Hendriks' message applies to the White Sox as a whole, too, not just the bullpen. This is a team that spoke during the spring of World Series expectations. Heck, that's why Hendriks is here in the first place, the White Sox adding the guy who ended their brief postseason appearance last year to the next four years of championship chases on the South Side.
In the early going, there's been recurring defensive miscues, a lack of timely hitting and starting pitchers who have pitched well but haven't made it too deep into games. Still, the greatest gripes have been directed at the bullpen, which has not lived up to the big preseason predictions quite yet.
Marshall said that the White Sox relief corps being "anything less than elite would be a disappointment." To this point, the White Sox bullpen has not been elite.
That's not to say there haven't been bright spots. Michael Kopech has been a contender for the best story of the White Sox season to date, emerging as a multi-inning super weapon for La Russa. Kopech and Garrett Crochet have both pitched well.
As for the rest of them, they're working on it. And what they do when faced with this bumpy start will say a lot about whether they can live up to all that preseason hype.
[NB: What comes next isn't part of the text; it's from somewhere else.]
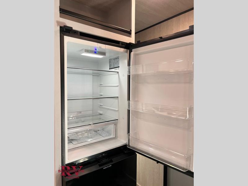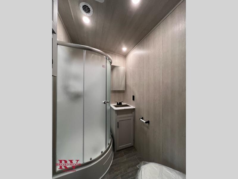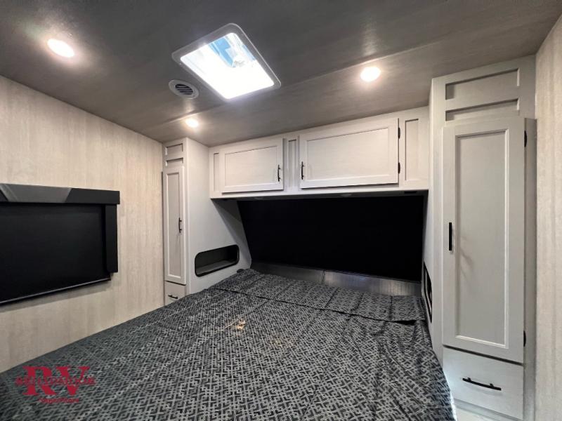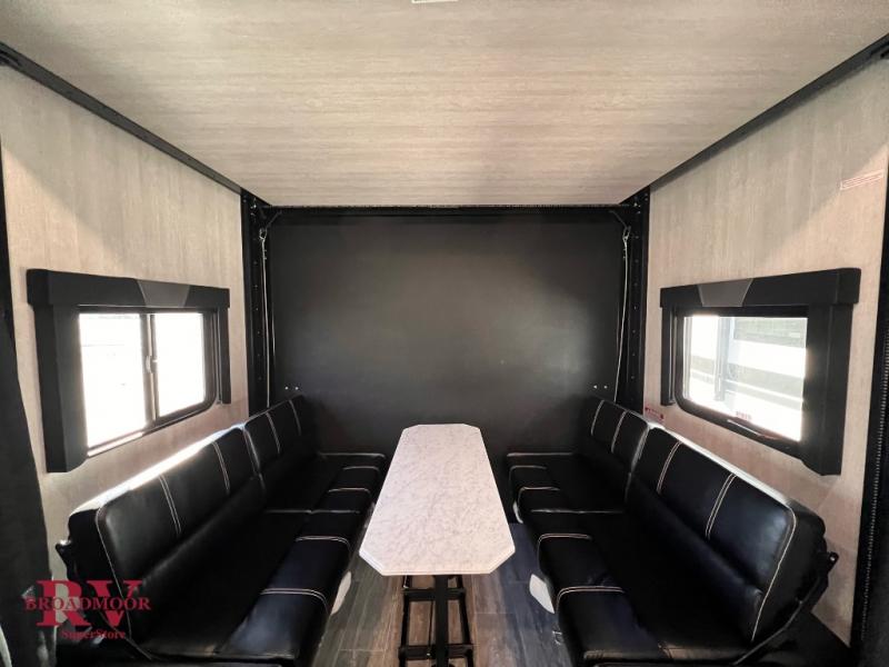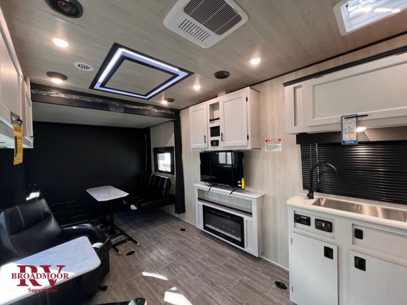 Grab your riding gear, load up the bikes, and head for the hills in this toy hauler for four. Once your toys are unloaded from the 15' total garage space, you can relax on the dual opposing sofas or on the dual lounge chairs with a table in between. There is also an entertainment center across from the chairs, and an optional queen bed above the sofas if you need more sleeping space. A full kitchen with a three burner cooktop, microwave oven, sink, and refrigerator lets you make meals each day, and the full bath will be much appreciated after trail riding. The front of this model features the private bedroom, complete with an RV queen bed, dual wardrobes, and an overhead cabinet for books and more!

"You’ve got to live on past experiences, and talking to a guy like Evan Marshall ... it’s nice talking to him about certain things we’ve gone through in the past and how we’ve had to battle adversity," Hendriks said. "This is where the character comes in, this is where you can really tell what defines a person, their character and where it comes through.
"We started off poorly as a whole. As a group, we’ve started off poorly. There have been a couple of guys that have gone out there and have done exactly what they need to do, like Michael. But, as a couple of guys like us, we need to make sure we go out there and prove (it)."